Extracted records:
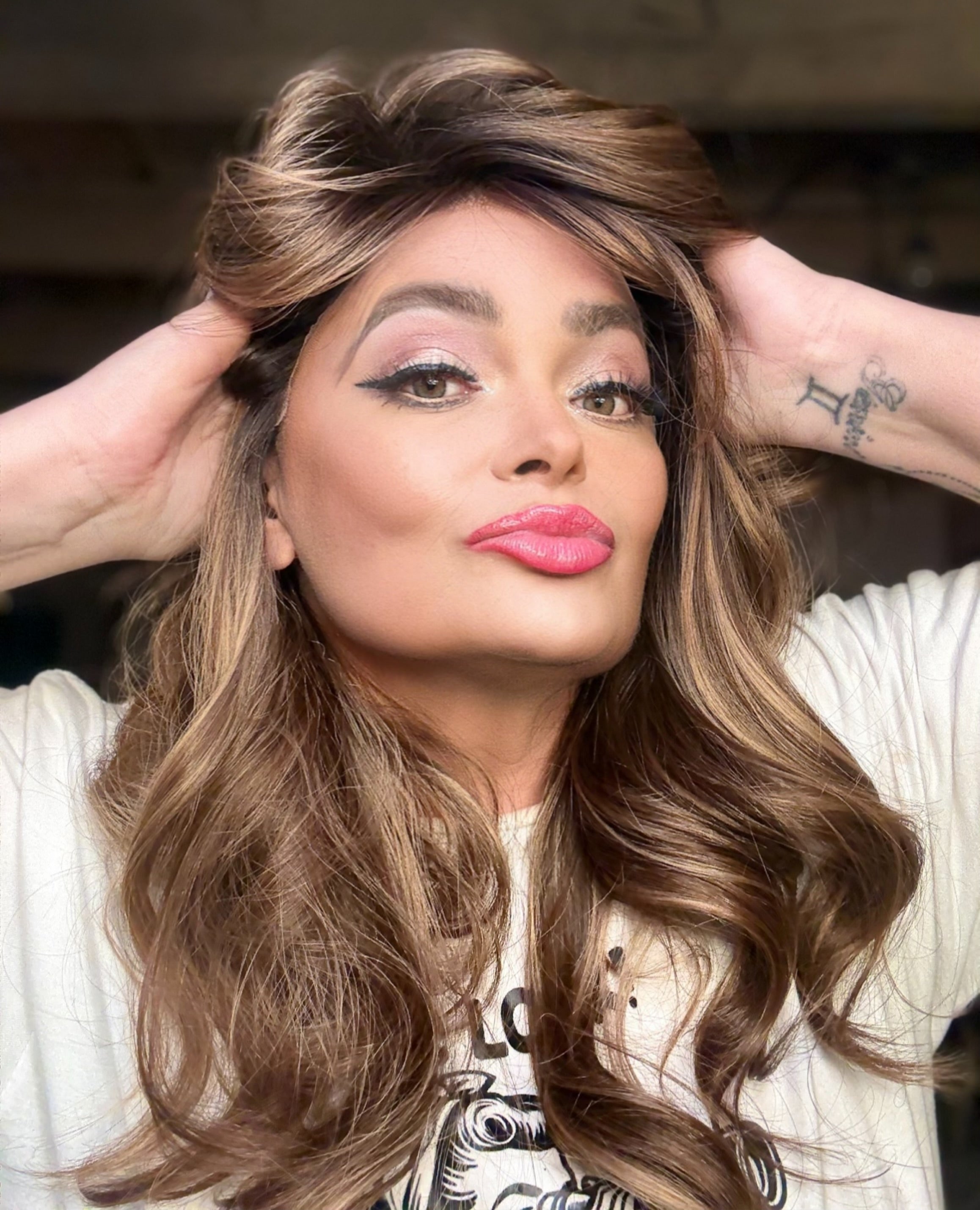 Introducing NEVADA, a stunning 13x4 lace front wig with a free part for ultimate styling freedom. Made with premium heat-resistant synthetic fiber, this 22-inch wig features loose pearl curls, layered bangs, and a beautiful brown mix color. The adjustable straps and standard cap size ensure a comfortable fit. Expertly crafted by Custom Martini Wigs.
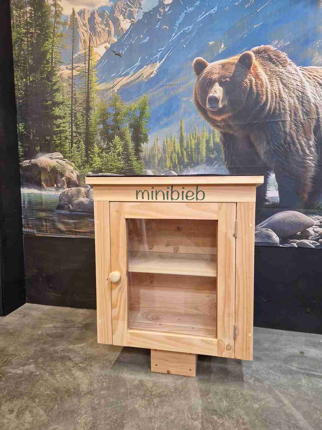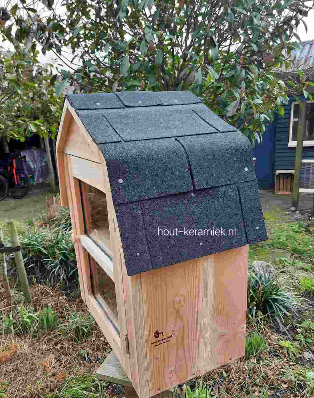 Minibieb gemaakt van duurzaam douglas hout, model “mansarde” (ook wel gebroken of Franse kap genoemd) of schuin/plat dak of ander type op in overleg te leveren.
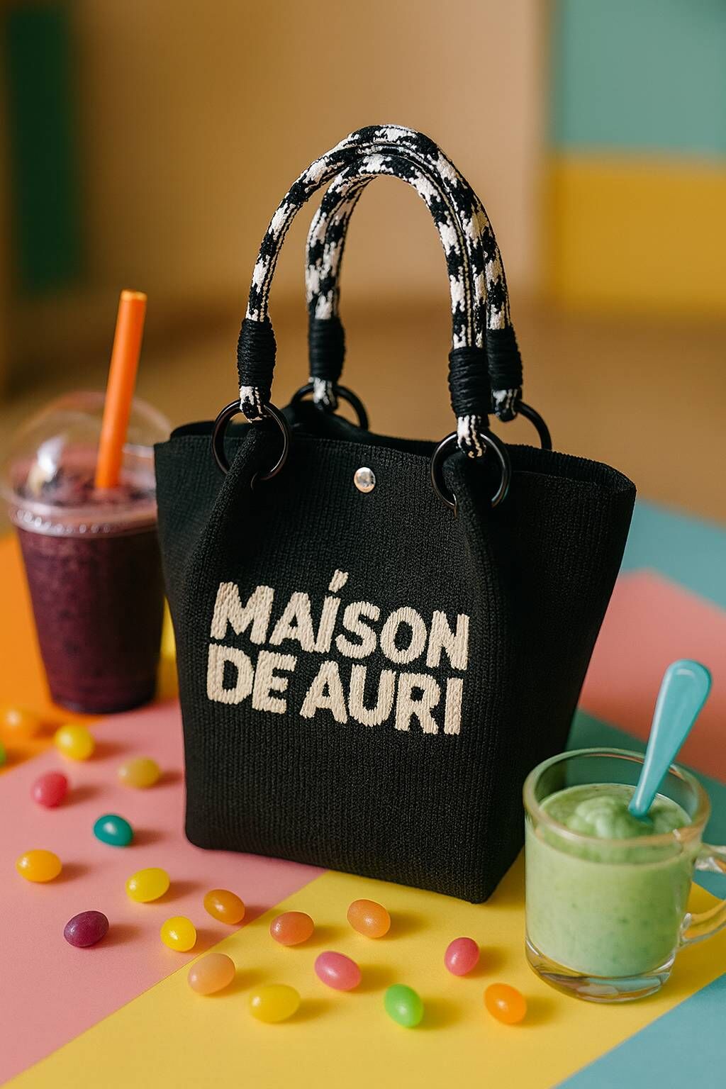 以黑為底,背面織上 MAISON DE AURI 品牌字樣毛絨,展現極簡卻搶眼的風格
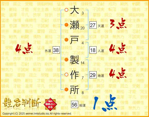 大(3画)瀬(20画)戸(4画) 製(14画)作(7画)所(8画)
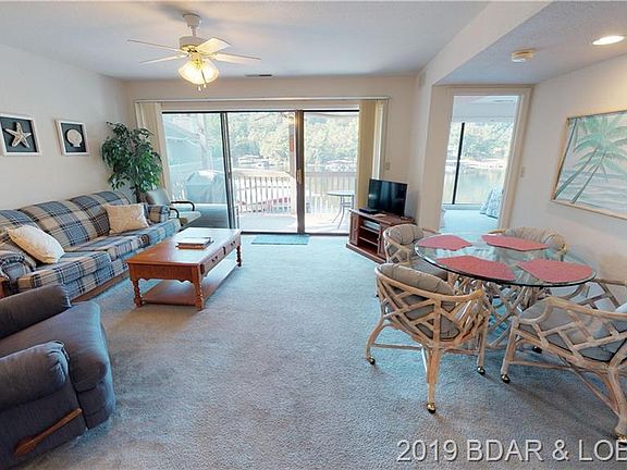 Private, quiet waterfront unit only one level down from parking w/your own assigned space, just a few steps into the door! Never on rental, this well maintained turn-key condo is super clean & features an open floor plan, kitchen w/breakfast bar, private waterfront deck off of living room, & spacious master suite w/oversized windows. Super private quiet location within the complex, this unit is tucked on the end of Building 6 just a FEW STEPS to one of the large pools - great for kids/families! GREAT LOCATION in the center of Osage Beach just minutes from shopping, dining, & entertainment by car or boat makes for a great potential rental investment too. Recently updated carefree kitchen flooring and new refrigerator. Just minutes by boat to popular destinations such as Backwater Jack's, Dog Days, & Redhead. Complex under new management & offers 3 saltwater pools, 2 are heated,tennis court,picnic & playground areas & clubhouse. Package includes boat slip w/hoist, & PWC slip w/drive on!
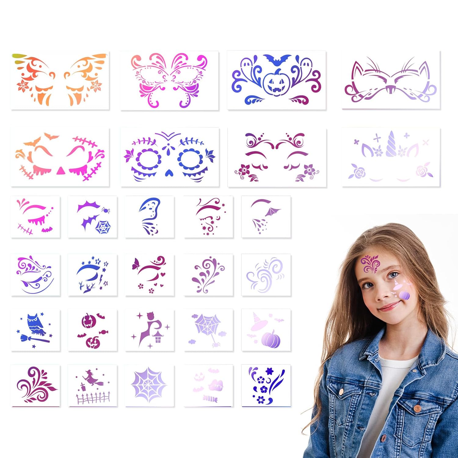 28pcs Body Paint Stencils, Durable Reusable Face and Body Painting Templates for Kids & Adults Practical Accessories for Holiday Halloween Party Makeup
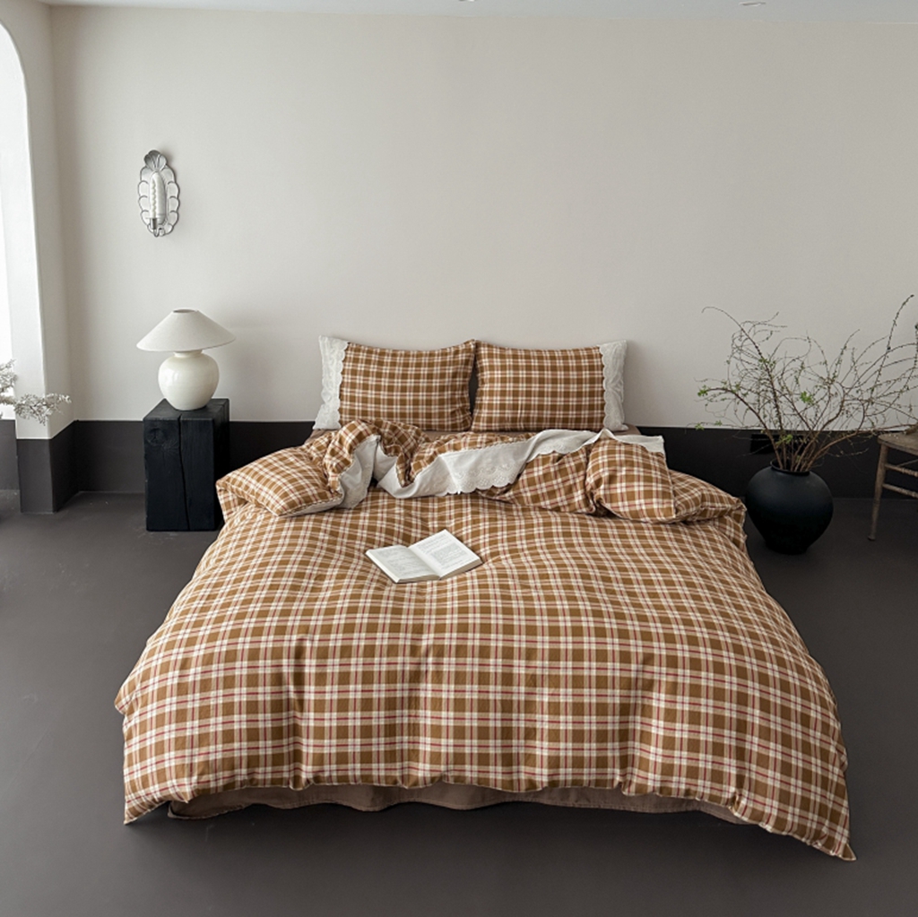 旷野 2025新款全棉纯棉60支双层纱四件套 清冷乌木

WORK ITEM:
Please write out the lines above exactly, from the one that contains "28pcs Body Paint" through the final line, and include none of the pictures.

COMPLETED EXERCISE:
 28pcs Body Paint Stencils, Durable Reusable Face and Body Painting Templates for Kids & Adults Practical Accessories for Holiday Halloween Party Makeup
 旷野 2025新款全棉纯棉60支双层纱四件套 清冷乌木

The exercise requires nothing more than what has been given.